BlindAlive.com

Accessible Fitness, more choices for more people

Fitness has always been a concern with regard to both mental and physical health regardless of age, gender, or any other variables that make each one of us unique. And for those in the blind community, fitness is every bit as much—if not more—important.

Exercise for the visually impaired is something that should be incorporated into a weekly, if not daily, routine for a variety of reasons that are both similar and different from people within the sighted community. For those with total loss of sight as well as for those who are low sighted, a lack of regular exercise can bring on a host of other issues, including weight gain, sluggishness, and perhaps worst of all for many, insomnia or a circadian rhythm that has been thrown completely off track.

A quality workout done at the right time of day and at the right pace to meet your unique physical and mental needs is just what the doctor may have forgotten to order. For many blind people, fitness has been a challenge: without someone to guide you and without the ability to drive yourself to the gym, it becomes obvious why so many visually impaired individuals give up—but with the BlindAlive line of Fitness Workouts for blind people, you’ll never have to depend on anyone else again.
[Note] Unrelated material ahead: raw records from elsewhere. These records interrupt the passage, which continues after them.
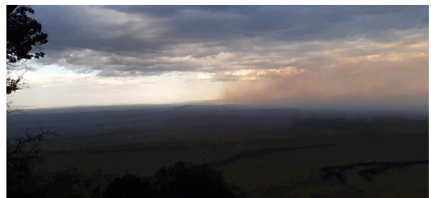
Regn över Masai Mara
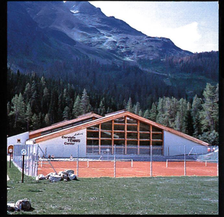
Corviglia-Tennis- und Squashhalle Kur- und Verkehrsverein St. Moritz
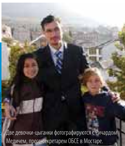
МИССИЯ В ВИДЖЕЛЕН ХАРРОФФ-ТАВЕЛ
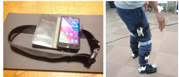
図 3 計測ユニットとその装着例 Figure 3 Measuring unit and its installation example

フリップカバーで構成される。ベルト部に取り付けたアジャスタによりユーザの脚の直径や装着部位によってベルトの長さを調整可能である。スマートフォンと装着ベルトにより構成されるユニットを以下では「計測ユニット」と呼ぶ。計測ユニットとその装着例を図 3 に示す。
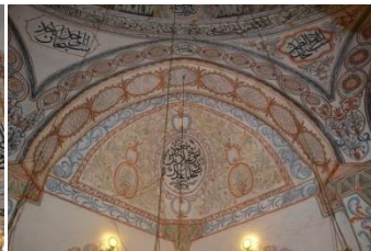
Resim 11. Tromp
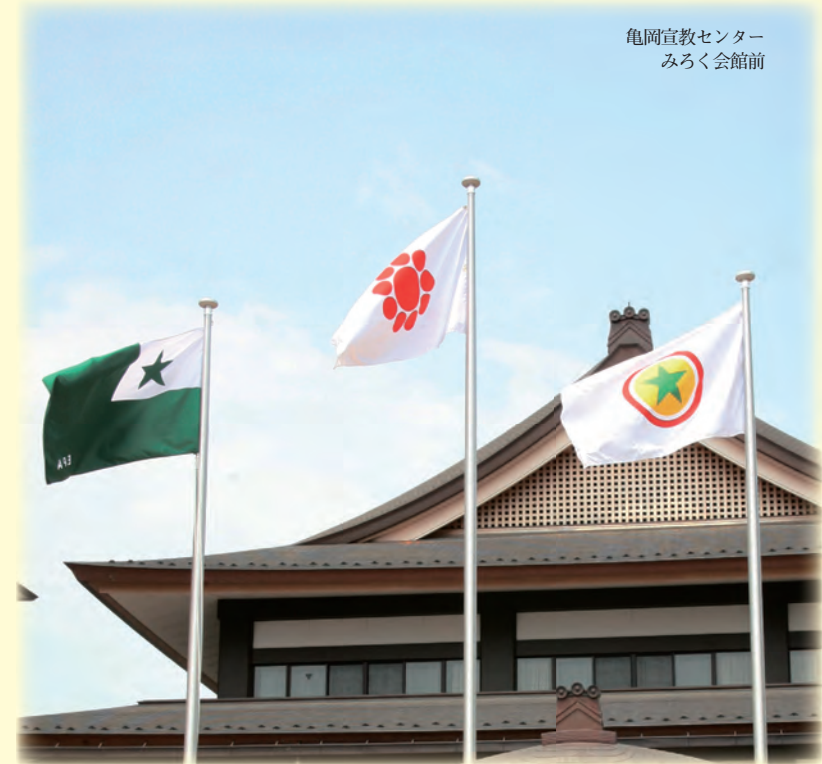
エスペラント普及会旗
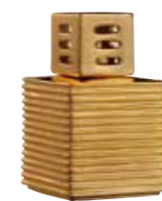
ゴールド CDF-ST-003 Φ122x163H
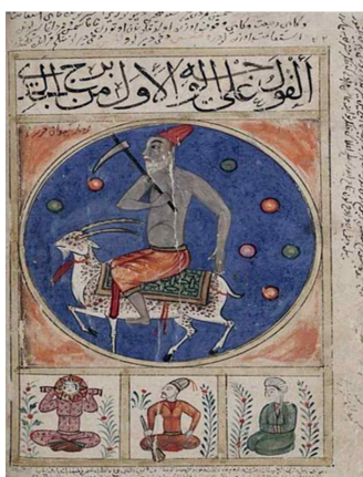
تصویر ۲: کتاب البلهان، دوره جلایریان، ۷۸۵ ق، بغداد
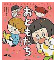
〔おともだちえほん〕 高濱正伸／監修
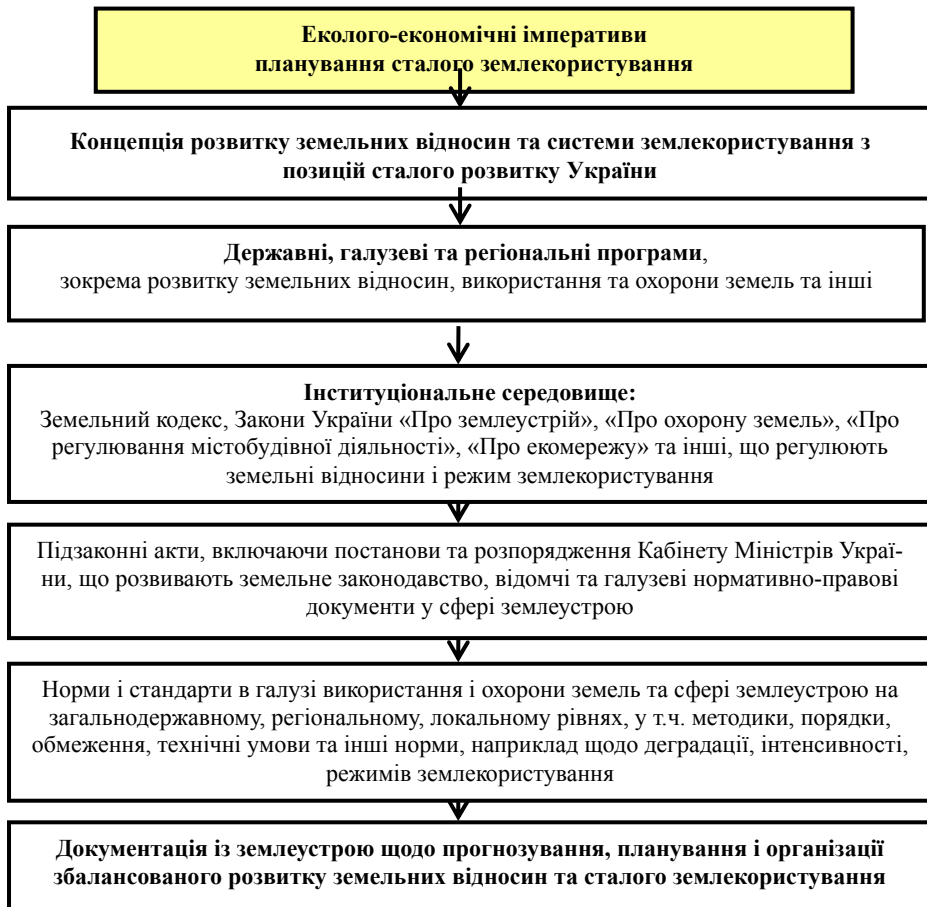
Рис. 3. Логічно-смысловая модель розвитку системи сучасного землеустрою, що базується на основі процесу узгодження і реалізації еколого-економічних імперативів планування збалансованого землекористування

логічної збалансованості. Без такої системи земельний устрій країни формується неузгоджено в територіальному та факторному напрямках. У зв'язку з переважанням окремих формальних та неформальних інститутів неможливе землекористування в контексті сталого розвитку.
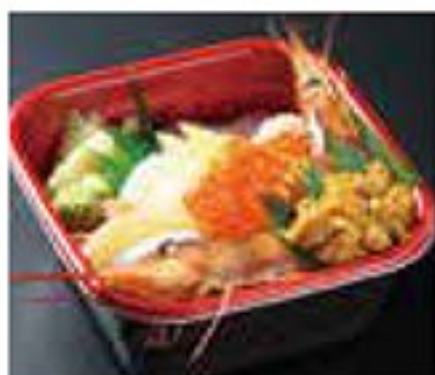
特鮮海鮮丼(並盛) 1,500円
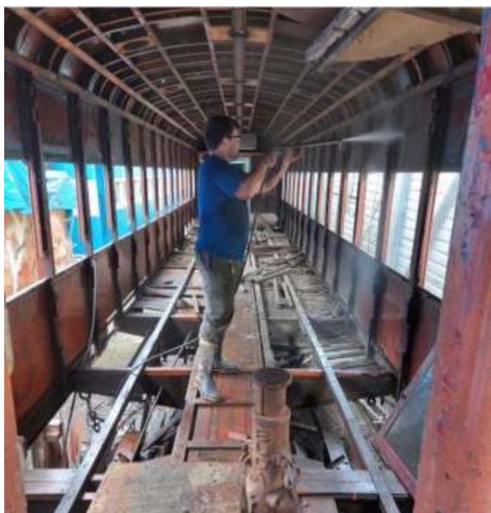
♦ Limpeza da parte interna do carro PC-59.
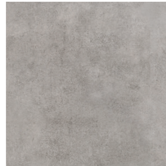
AV 12 59,7x59,7 cm natura R10 59,7x59,7 cm lappato R10
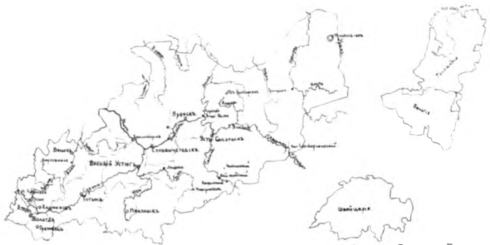
Швейцарія Бельгія и Голландія въ томъ же масштабѣ
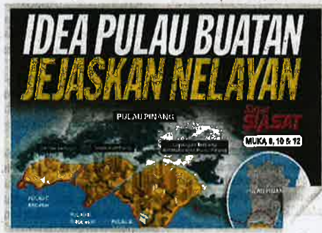
Laporan Sinar Harian semalam.

Antara syarat tersebut ialah pertanya kajian teknikal terperinci serta langkah mitigasi mengikut nasihat teknikal bagi menangani impak projek ke atas sumber perikanan dan komuniti nelayan.
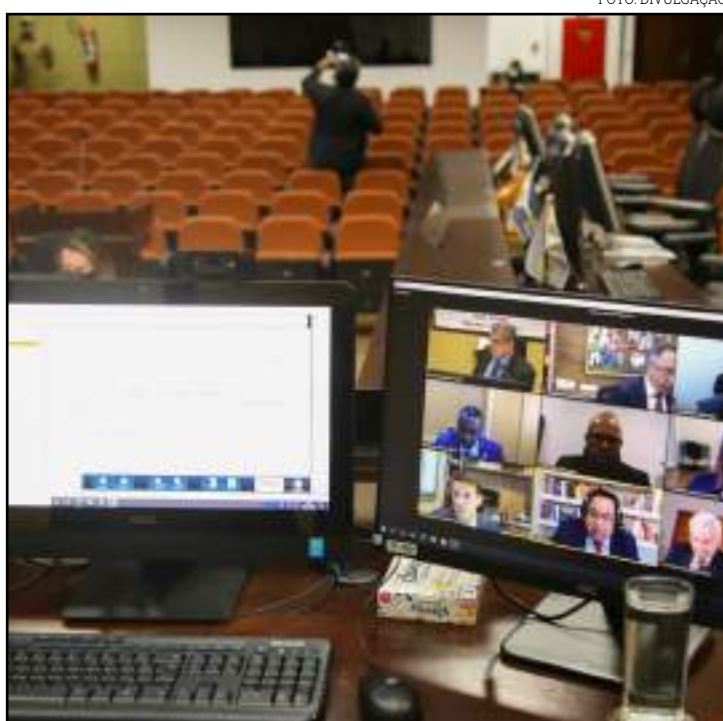
Foram vistoriadas dez unidades de saúde existentes no Estado

Além disso, em parceria com a Secex de Contratações Públicas, foi feita uma avaliação da transparência dos municípios do Estado, tendo a Secex Saúde e Meio Ambiente ficado responsável pela análise de cidades como Cuiabá e Várzea Grande. O
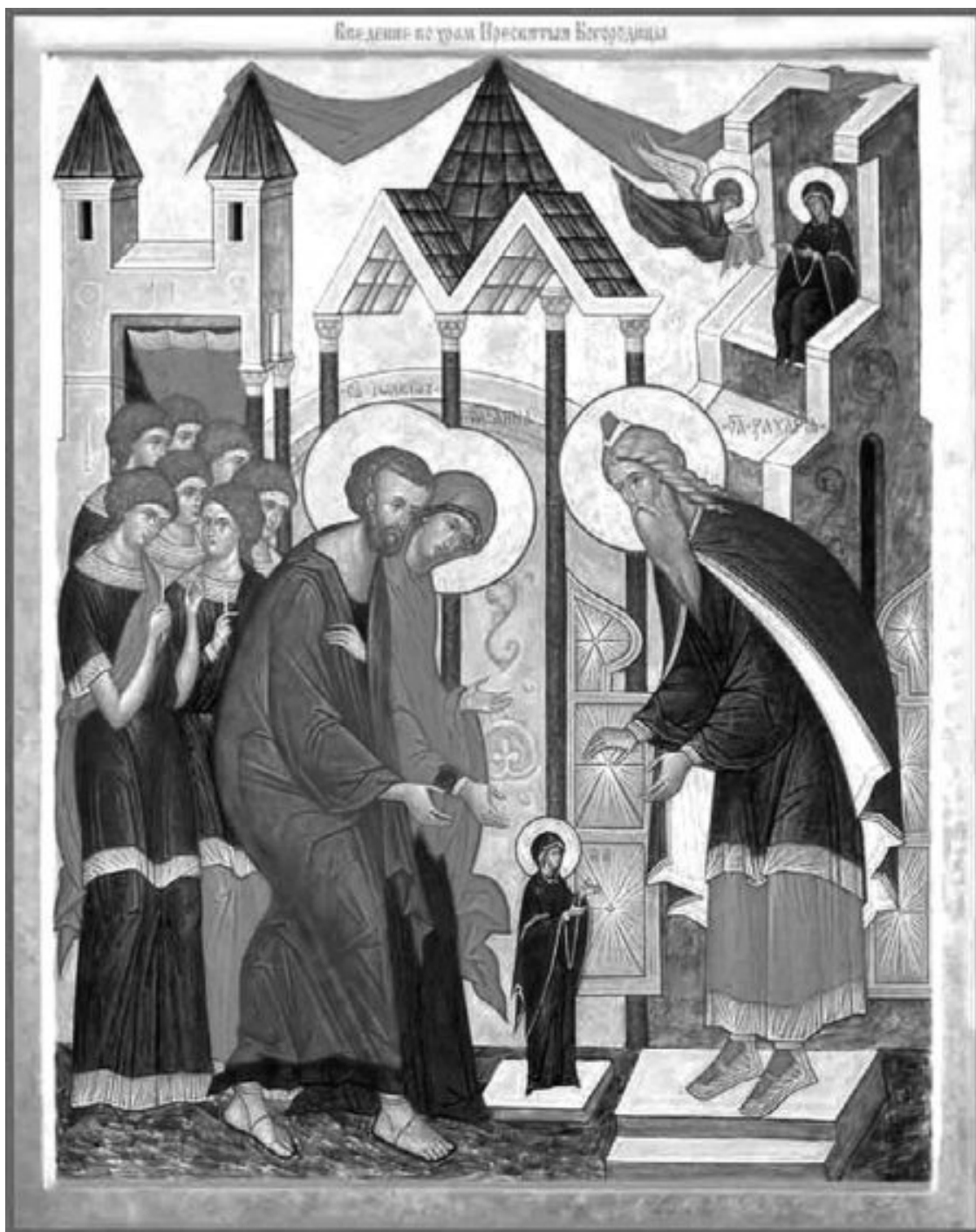
Икона «Введение Богородицы во храм»

Первосвященник, увидев в этом особое знамение Божие, провел Марию в глубину храма – туда, куда не только женщинам, но даже священникам был вход закрыт, и куда входить мог только сам первосвященник. Это место – Святая Святых – было назначено Пречистой Деве для постоянных молитв.
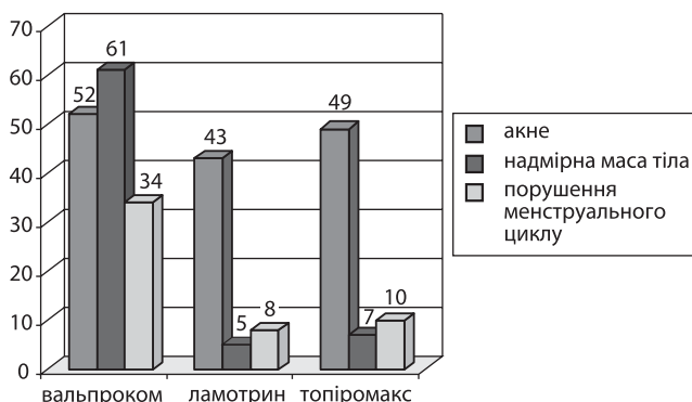
Рис. 2. Переносимість монотерапії вальпрокомом, ламотрином та топіромаксом

У 1-й групі при прийомі вальпрокому відмічалися акне у 52 %, надмірна вага — у 61 %, порушення менструального циклу — у 34 %; у 2-й групі при прийомі ламотрину — акне у 43 %, надмірна вага — у 5 %, порушення менструального циклу — у 8 %; у 3-й групі при прийомі топіромаксу — акне у 52 %, надмірна вага — у 7 %, порушення менструального циклу — у 10 % (рис. 2).
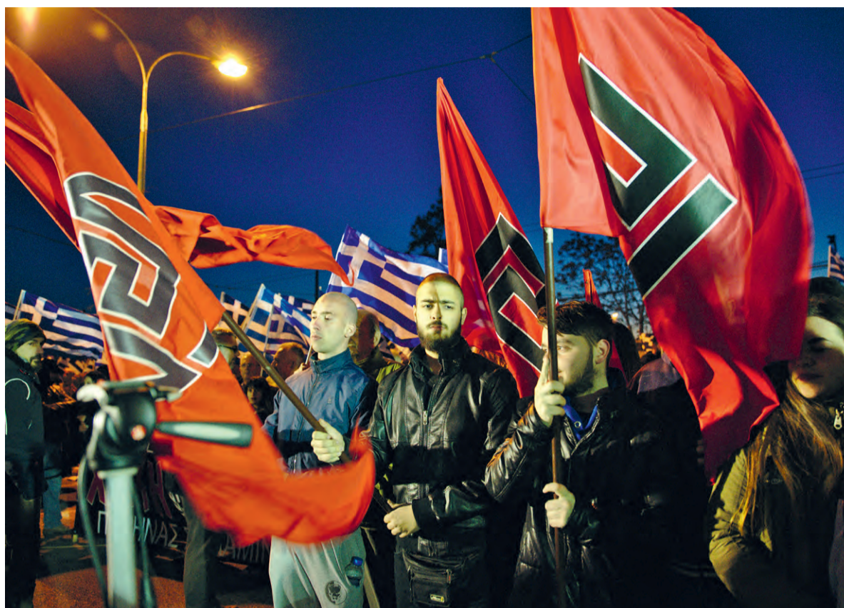
Demonstratie van Gouden Dageraad in Griekenland. De extreemrechtse partij schuwt geweld tegen migranten niet. Het symbool op de vlaggen is geen swastika, maar een oud-Grieks symbool, de meandros.

Yoga and Strength Training with wieghts for blind people along with a variety of other cardiovascular exercises help our bodies stay toned, help us gain muscle mass and lose weight, but most of all, can help lead a blind person away from a sense of helplessness.

Are you ready to sweat? Come get healthy and leave all your notions of not being able to get fit due to your visual impairment behind with BlindAlive!

Exercise Programs For People With Glaucoma

If you have glaucoma, except in very rare circumstances, exercise needs to be part of your treatment plan. Of course, you must check with your medical team before starting any program, regardless of your eye condition or overall health.

“Research has shown that "Aerobic exercise is known to lower intraocular pressure (IOP), which we know protects retinal ganglion cells," says Harry A. Quigley, MD, professor and director of the Glaucoma Research Foundation at the Wilmer Eye Institute at Johns Hopkins University in Baltimore.

There are only a few guidelines you should know to help you pick a program that is right for you.

  1. Do not perform exercises that put your head below your heart. These might include: head and shoulder stands, downward facing dog, inversion poses such as bridges, standing forward fold, triangle poses, or positions with feet up in the air as in some core programs
  2. Do not hold your breath while lifting weights. This can increase your eye pressure.
  3. A steady 20 minute cardio session, 4 times a week is excellent for lowering eye pressure. More than this will not hurt but less is not very helpful.
  4. Drink water slowly over the duration of your exercise period. Drinking water in large quantities may raise eye pressure. Begin drinking your water a few minutes before beginning your routine and continue every few minutes throughout. Make sure to continue after exercising as well.

Here at BlindAlive.com and Eyes-Free Fitness®, we have several recommendations for you to help make choosing your exercise programs easy.

  1. The Gentle Workout Set has four 20 minute workouts. There are no head below heart positions, and most exercises can be done either standing or sitting in a chair. These workouts are ideal for those who are just getting started.
  2. Cardio Level One is a low impact, aerobic workout. Doing this workout regularly will help you achieve greater circulation which will help to lower eye pressure.
  3. Our Chair Yoga is gentle and gives you all the benefits of yoga without the risks of head below heart poses. There is one forward fold which can be easily modified.
  4. Pilates Chair With Ring is all performed in a chair with no head below heart poses. This is a strengthening workout which uses a Pilates ring for resistance. You are frequently reminded of your breathing so you can learn the proper way to breathe for Pilates.
  5. The Whole Body Stretch is done mostly in a chair. It is gentle. Stretching keeps muscles and joints moving freely which improves circulation and general well-being.

The beauty of each of these programs is that they can be done independently at home, with no trips to a gym or fees for expensive classes. All our workouts are thoroughly described so you can keep your eyes and your mind relaxed. There is no straining to see, and no fear that you may be missing an important component of the workout. You can do this, and we are happy to help!